Structure and mechanism of the γ-secretase intramembrane protease complex

Abstract

γ-Secretase is a membrane protein complex that proteolyzes within the transmembrane domain of >100 substrates, including those derived from the amyloid precursor protein and the Notch family of cell surface receptors. The nine-transmembrane presenilin is the catalytic component of this aspartyl protease complex that carries out hydrolysis in the lipid bilayer. Advances in cryoelectron microscopy have led to the elucidation of the structure of the γ-secretase complex at atomic resolution.

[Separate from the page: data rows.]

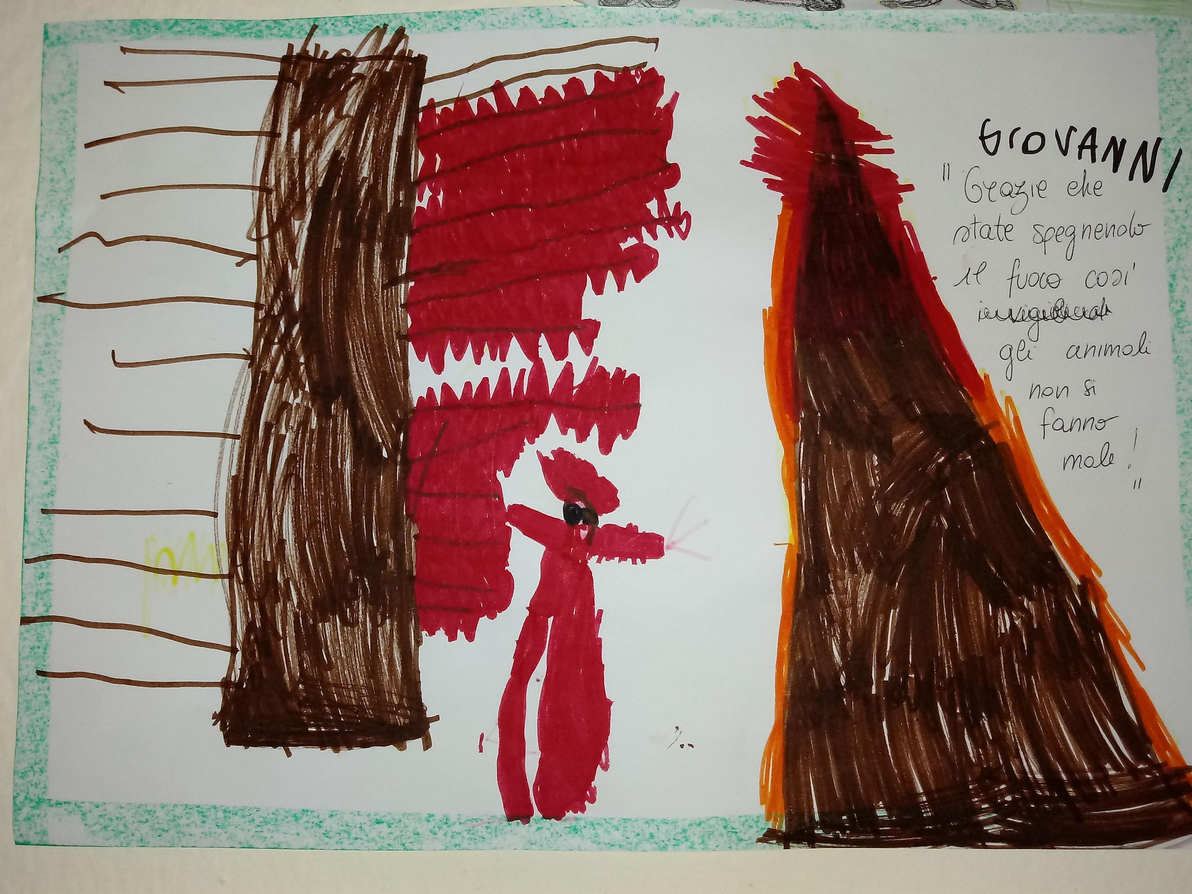 Varese, i bambini disegnano l'incendio del Campo dei Fiori per ringraziare i pompieri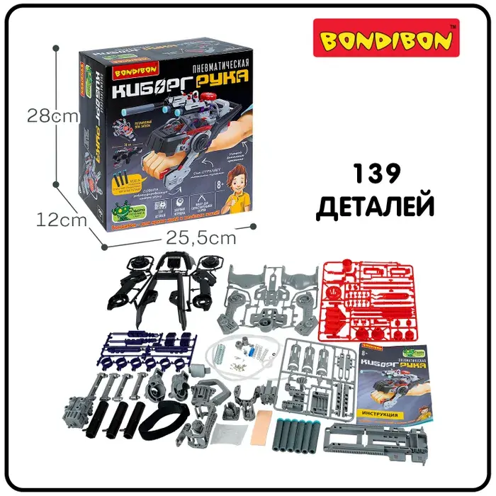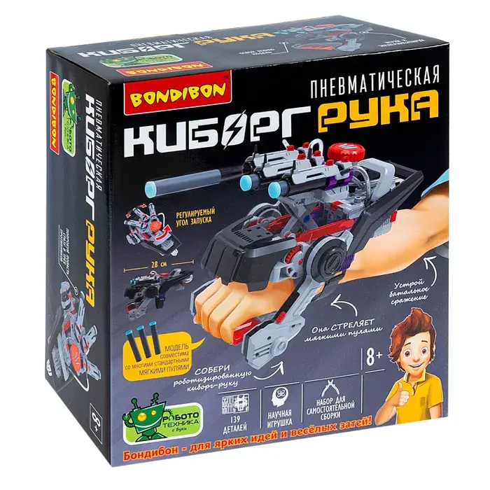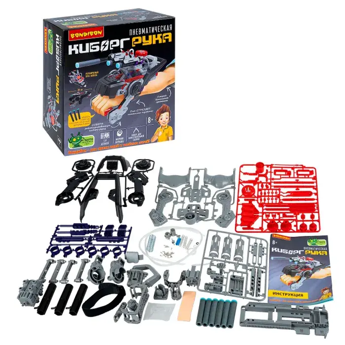 Набор робототехники серии Науки с Буки от Bondibon Киборг – рука — это уникальный обучающий набор для самостоятельной сборки , который открывает детям захватывающий мир роботостроения, инженерии и научных опытов и экспериментов.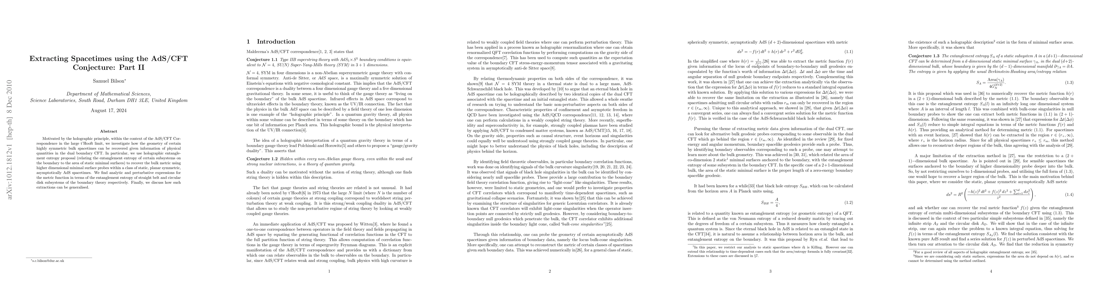 This paper explores the AdS/CFT Correspondence to extract the geometry of highly symmetric bulk spacetimes from boundary CFT data, using holographic entanglement entropy to relate boundary subsystem entropies to minimal surface areas. It derives analytic expressions for the bulk metric from entanglement entropy of specific boundary regions.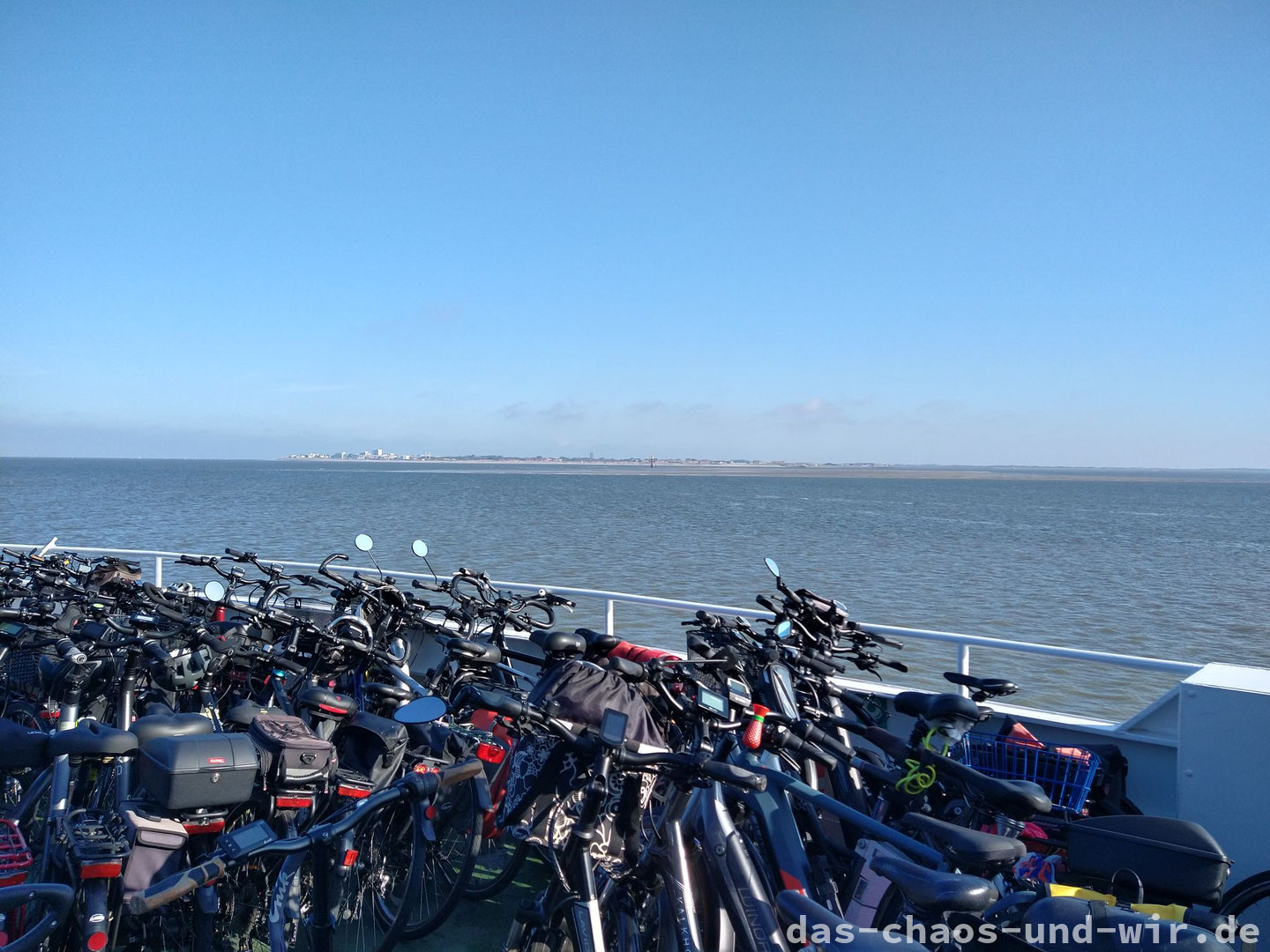 Die Fähre legte gegen 10:37 Uhr vom Fähranleger ab und wir trafen ca. 1 Stunde später auf Norderney ein. Neben Fußgängern und Radfahrer befanden sich auch ein paar Autos mit auf der Fähre.

Recently, structures of the enzyme have been determined with bound APP- or Notch-derived substrates, providing insight into the nature of substrate recognition and processing. Molecular dynamics simulations of substrate-bound enzymes suggest dynamic mechanisms of intramembrane proteolysis. Structures of the enzyme bound to small-molecule inhibitors and modulators have also been solved, setting the stage for rational structure-based drug discovery targeting γ-secretase.

Figure 1.

(A) Components of the γ-secretase complex and their membrane topology. Presenilin is a nine-TMD protein and the catalytic component of the aspartyl protease complex. Active site aspartic acids denoted in red. Upon assembly with the other three members of the complex (Nicastrin, Aph-1 and Pen-2), presenilin undergoes autoproteolysis to N-terminal fragment (NTF) and C-terminal fragment (CTF) to become the active protease complex. (B) Structure of the γ-secretase complex as determined by cryoelectron microscopy (PDB: 5A63). In this structure, TM2 was not visible, and the active site appears open (active site aspartic acids D257 and D385 in PSEN1 shown in red).

Figure 2.

(A) Structure of the γ-secretase complex bound with APP-derived substrate (PDB: 6IYC). Colors of γ-secretase components as in Fig. 1; APP substrate in orange. Solving the structure required disabling the active site through PSEN1 D385A mutation and crosslinking substrate to PSEN1 by cysteine mutagenesis and disulfide bond formation. Note that the N-terminal part of the APP TMD is in a helical conformation and enveloped by presenilin. (B) Close-up of the active site (not actually active due to D385A mutation) showing unwinding of the C-terminal part of the APP TMD, with β-sheet formation with presenilin.

Figure 3.

(A) Structure of the γ-secretase complex bound to transition-state analog inhibitor L685,458 and to modulator E2012 (PDB: 7D8X). Colors of γ-secretase components as in Figs. 1 and 2. Bound compounds are sticks colored by atom type. Note that L685,458 binds near the catalytic aspartic acids, while E2012 binds distal to the active site. (B) Close-up of L685,458 binding. The transition-state mimicking hydroxyl group of the inhibitor is coordinated with the two catalytic aspartic acids. (C) E2012 is nestled in a binding site that becomes available upon L685,458 binding to the active site. The modulator binding site includes presenilin Loop 1 residues F105 and Y106 and TM3 residues F176, F177 and I180 and Nicastrin loop residues I242 and N243.

Figure 4.

(A) Computational model of γ-secretase that is embedded in a lipid bilayer and solvated in 0.15 M NaCl aqueous solution. (B) All-atom GaMD simulations captured spontaneous activation of γ-secretase, during which the enzyme active site was poised for proteolysis of the APP substrate at the ε cleavage site. (C) Active (wildtype) and (D) shifted active (M51F) conformational states of the APP substrate-bound γ-secretase. Distinct APP intracellular domain (AICD) products were generated from the wildtype and M51F mutant APP.